The $\lambda$ are highlighted; the characteristic polynomical is given by the
*determinant* of this matrix, which at a glance looks bad because we have three
rows, so this will probabily involve something cubed, but it actually won’t.
Bear with me for a minute.

The determinant of this matrix is

$$(-\lambda)\times \text{Det}{\color{teal}\begin{pmatrix}\beta N - \gamma - \lambda & 0 \\ \gamma & -\lambda\end{pmatrix}} - (-\beta N)\times \text{Det}{\color{purple}\begin{pmatrix}0 & 0 \\ 0 & -\lambda\end{pmatrix}}.$$

Note that the purple matrix determinant is ${\color{purple}-\lambda\times 0 - 0\times 0} = 0$, which very neatly removes the entire right of the above formula. We won’t have no such luck with the left side, but because there is an off-diagonal 0 in the left matrix, its determinant is ${\color{teal}(-\lambda)(\beta N - \gamma - \lambda)}$.
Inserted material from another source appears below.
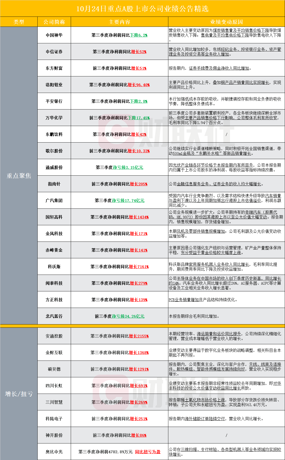 据不完全统计,截至发稿,盘后包括中国神华、中信证券、丁冬财经、洛阳钼业、平安银行、万华化学、东鹏饮料、歌尔股份、通威股份、指南针、广汽集团、国轩高科、金风科技、赤峰黄金、科沃斯、闻泰科技、方正科技、北汽蓝谷、安通控股、金财互联、硕贝德、四川长虹、三川智慧、科陆电子、神开股份、奥比中光等多家A股上市公司发布2025年三季度业绩报告。其中,中国神华第三季度净利润同比下降6.2%,中信证券第三季度净利润同比增长52%。

And at this point, I reminded students that hard work (specifically, the type of hard work that’s really not hard but would consist in expandin this expression) is over-rated. Instead, let’s write the characteristic polynomial as (again, $\lambda$ highlighted because it should now be clearer):

$$(-{\color{red}\lambda})\times(-{\color{red}\lambda})\times(\beta N - \gamma - {\color{red}\lambda})\,.$$

Would you look at that? We have three terms that we multiply, and each of them has one root. So when does our equilibrium shifts from stable to unstable? Well, we have $\lambda_3 = 0$ (we read this from the first factor), $\lambda_2 = 0$ (we read that from the second factor), and finally… $\lambda_1 = \beta N - \gamma$. When is this positive? When

$$ \frac{\beta N}{\gamma} > 1 \,. $$

**Isn’t that nice**? The leading eigenvalue gives has the expression of $R_0$
hidden inside it! So does the invasibility condition! This is how you know
something is a big deal: it shows up in multiple ways in your system. I also
like this, as a teachable moment: often concepts that don’t appear immediately
related are, in fact, the same thing.